To solve the problem where \( \frac{1}{6} \sin x, \cos x, \tan x \) are in geometric progression (G.P.), we can follow these steps: ### Step 1: Set up the G.P. condition For three terms \( a, b, c \) to be in G.P., the condition is: \[ b^2 = ac \] In our case, we have: \[ b = \cos x, \quad a = \frac{1}{6} \sin x, \quad c = \tan x \] Thus, we can write: \[ \cos^2 x = \left(\frac{1}{6} \sin x\right) \tan x \] ### Step 2: Substitute \( \tan x \) Recall that \( \tan x = \frac{\sin x}{\cos x} \). Substituting this into our equation gives: \[ \cos^2 x = \left(\frac{1}{6} \sin x\right) \left(\frac{\sin x}{\cos x}\right) \] This simplifies to: \[ \cos^2 x = \frac{1}{6} \frac{\sin^2 x}{\cos x} \] ### Step 3: Multiply through by \( \cos x \) To eliminate the fraction, multiply both sides by \( \cos x \) (assuming \( \cos x \neq 0 \)): \[ \cos^3 x = \frac{1}{6} \sin^2 x \] ### Step 4: Use the Pythagorean identity We know from the Pythagorean identity that \( \sin^2 x = 1 - \cos^2 x \). Substitute this into the equation: \[ \cos^3 x = \frac{1}{6} (1 - \cos^2 x) \] ### Step 5: Rearrange the equation Rearranging gives: \[ 6 \cos^3 x + \cos^2 x - 1 = 0 \] ### Step 6: Let \( y = \cos x \) Let \( y = \cos x \). The equation becomes: \[ 6y^3 + y^2 - 1 = 0 \] ### Step 7: Solve the cubic equation To solve \( 6y^3 + y^2 - 1 = 0 \), we can use numerical methods or factorization techniques. By trial and error, we can check for rational roots.
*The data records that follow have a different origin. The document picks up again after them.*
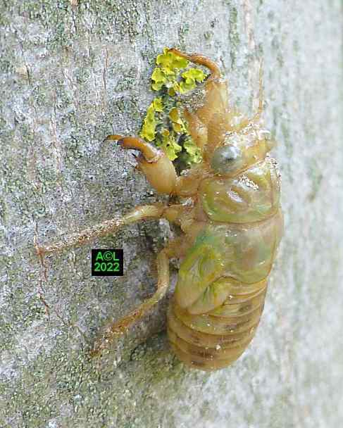 L'ouverture ainsi générée va permettre l'émergence progressive de l'insecte adulte. Allant de paire la coloration définitive et le durcissement des téguments feront suite, le processus demandant plusieurs heures. A terme la bestiole s'en ira vivre sa vie ( telle que prévue par Dame Nature ! ) et entre autres "chanter" (cigale oblige ! ) si c'est un mâle !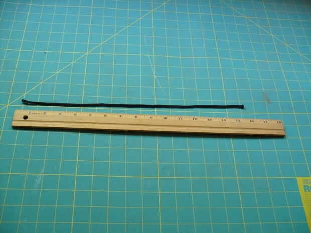 Primero, corte una longitud de cable. La mía es cerca de 15 pulgadas ya que tengo una botella de agua de boca grande. Si sólo lleva una botella de almacén comprado o una bebida deportiva puede utilizar cerca de 10 pulgadas.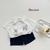 SB2265- bộ cộc phối cổ, 1 bên sườn tay áo, in chữ every thing is....

Testing \( y = \frac{1}{2} \): \[ 6\left(\frac{1}{2}\right)^3 + \left(\frac{1}{2}\right)^2 - 1 = 6 \cdot \frac{1}{8} + \frac{1}{4} - 1 = \frac{3}{4} + \frac{1}{4} - 1 = 0 \] Thus, \( y = \frac{1}{2} \) is a root. ### Step 8: Find the general solution for \( x \) Since \( y = \cos x = \frac{1}{2} \), we find: \[ x = \cos^{-1}\left(\frac{1}{2}\right) = \frac{\pi}{3} \] The general solution for \( x \) is: \[ x = 2n\pi \pm \frac{\pi}{3}, \quad n \in \mathbb{Z} \] ### Final Answer Thus, the values of \( x \) are: \[ x = 2n\pi + \frac{\pi}{3} \quad \text{or} \quad x = 2n\pi - \frac{\pi}{3}, \quad n \in \mathbb{Z} \]